Tiara melihat Nada dengan tidak mengerti,
“Kenapa bisa sejauh ini mbak?”
Tiara kembali membungkam mulutnya, dirinya juga merasa bersalah karena secara tidak langsung ia sudah menjadi kaki tangan mama Nada selama ini, untuk turut menyembunyikan Nada.
“Mbak Tiara harus lihat Papa kemarin waktu ketemu aku lagi mbak, sekujur tubuh Papa gemetar karena haru. Papa bahkan ga berani lihat wajah aku, karena papa takut kalau aku bakalan berganti orang lain. Waktu aku pura-pura tidur, bahkan papa cium aku tanpa henti, ucapan syukur ga berhenti papa ucapin bahkan dalam waktu berjam jam. Kenapa bisa sejahat itu mbak? Papa aku salah apa?”
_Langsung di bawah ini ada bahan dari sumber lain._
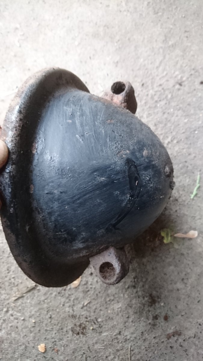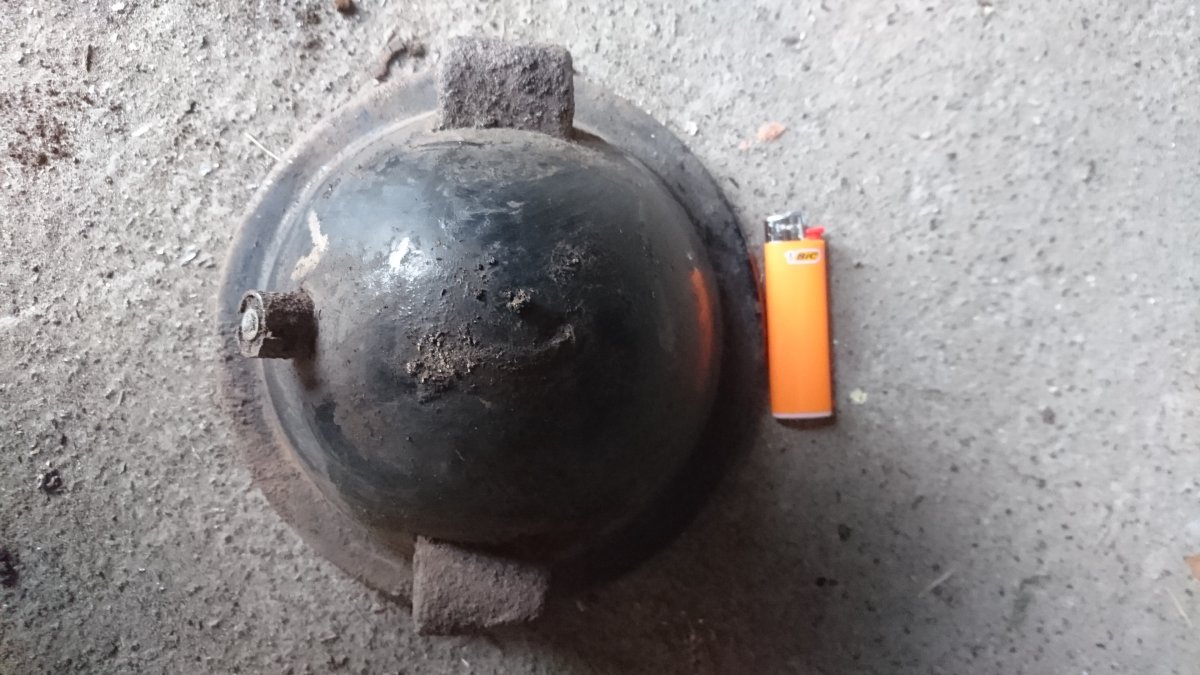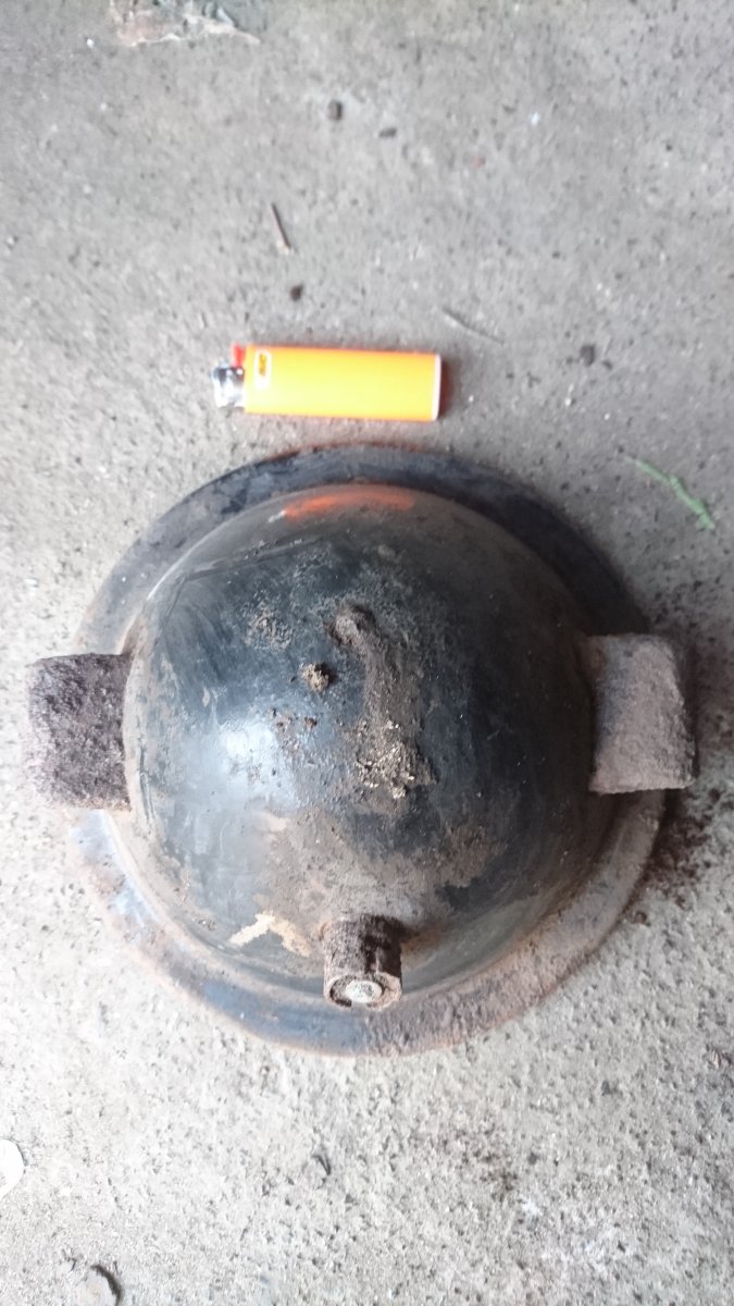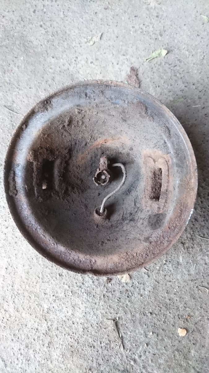 Приветствую всех! Выскочила в лесу на позициях фара. Окрас черный,клейм и надписей не нашел. Есть предположение,что от Сталинца.Кто знает прошу подсказать.
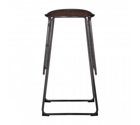 The Bentos bar stool’s design is informed by vintage manufacturing heritage. Its angular legs are made from strong metal, each side featuring a welded footstool to enhance seating comfort. Their dark gunmetal finish complements the mocha colored seat. Made from faux leather, the seat is smooth to the touch and comfortable to sit on.
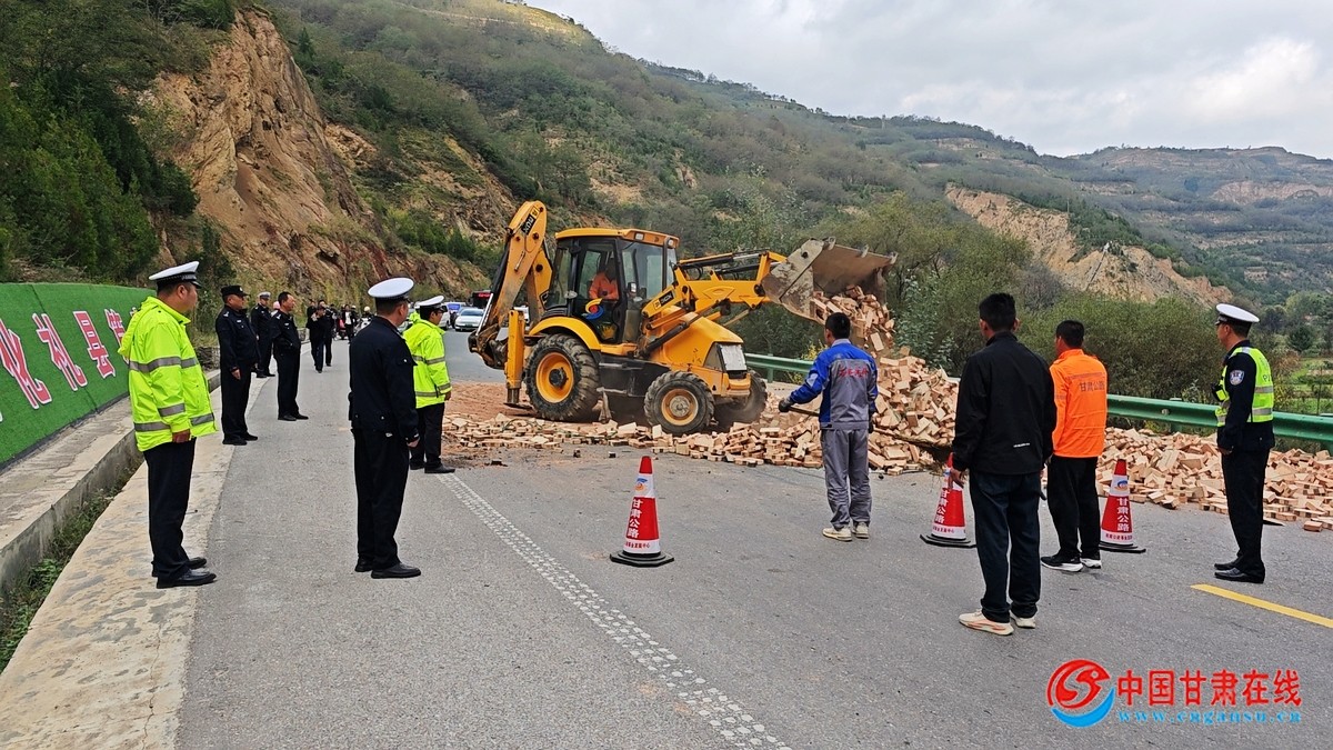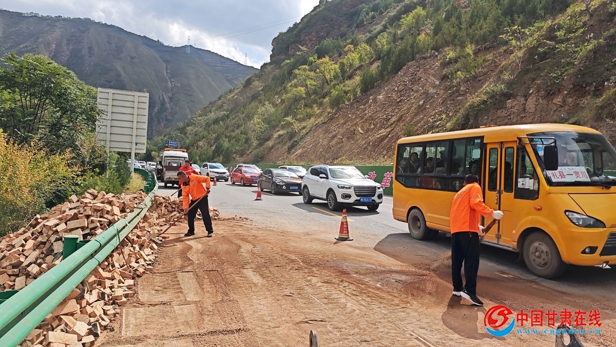 礼县公路段养护一线职工及时、快速、高效处理突发事故的行为,受到社会各界的一致好评,在国庆假期车流量较大的情况下没有影响车辆滞留,也没有影响礼县三国文化产业园活动。下一步,礼县公路段职工将继续履职尽责,“节日我在岗、保畅我先行”。积极打造“畅、洁、绿、美、安”的路域环境,为地方经济高质量发展贡献交通力量。图为指挥交通的情景。图为清理砖块的情景。
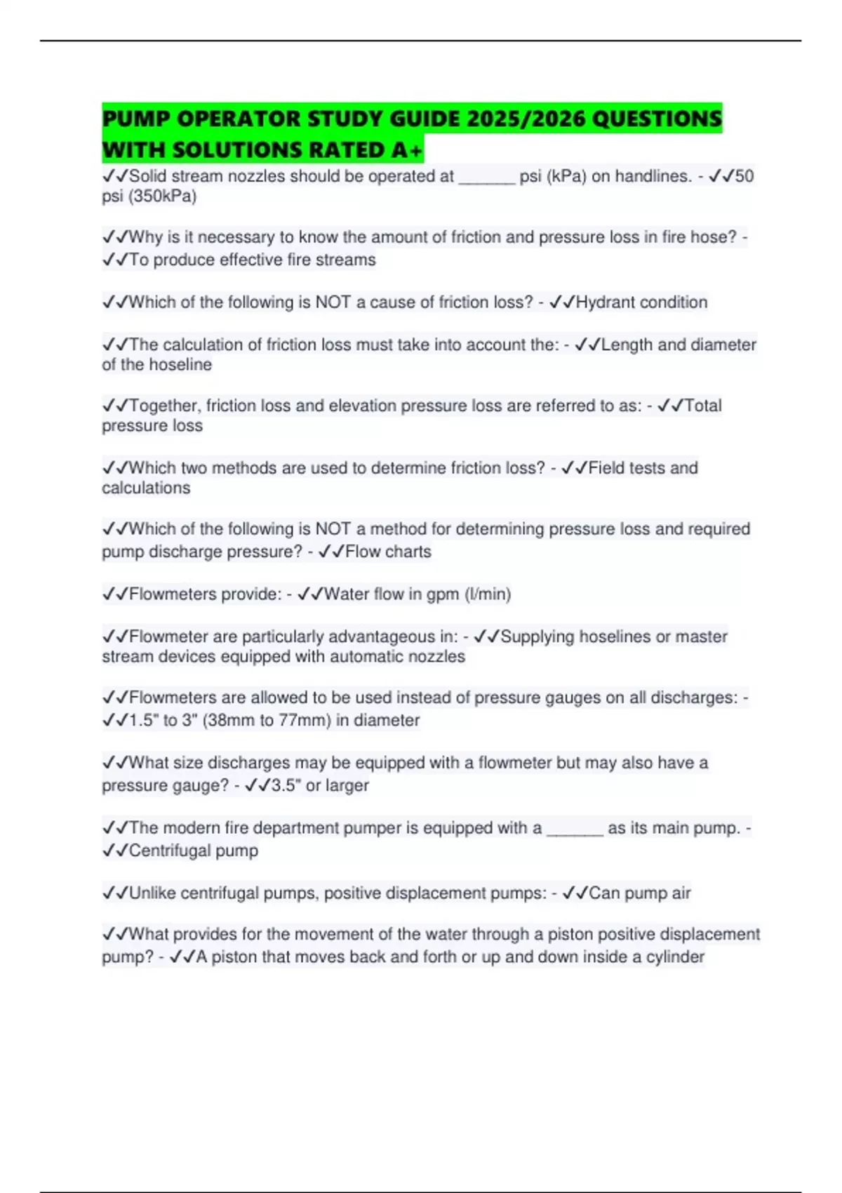 PUMP OPERATOR STUDY GUIDE 2025/2026 QUESTIONS WITH SOLUTIONS RATED A+

Tiara melihat Nada kini menangis dengan keras, setelah menyelesaikan ucapannya. “Kasian papa aku, kasian papa-” Nada menepuk nepuk dadanya keras, berusaha mengurangi rasa sesak di sana.
Tiara ikut menangis, melihat kondisi Nada yang cukup memprihatinkan saat ini. Dengan perlahan Tiara menarik Nada agar masuk ke dalam pelukannya. Setidaknya, hanya ini lah yang bisa ia lakukan sekarang.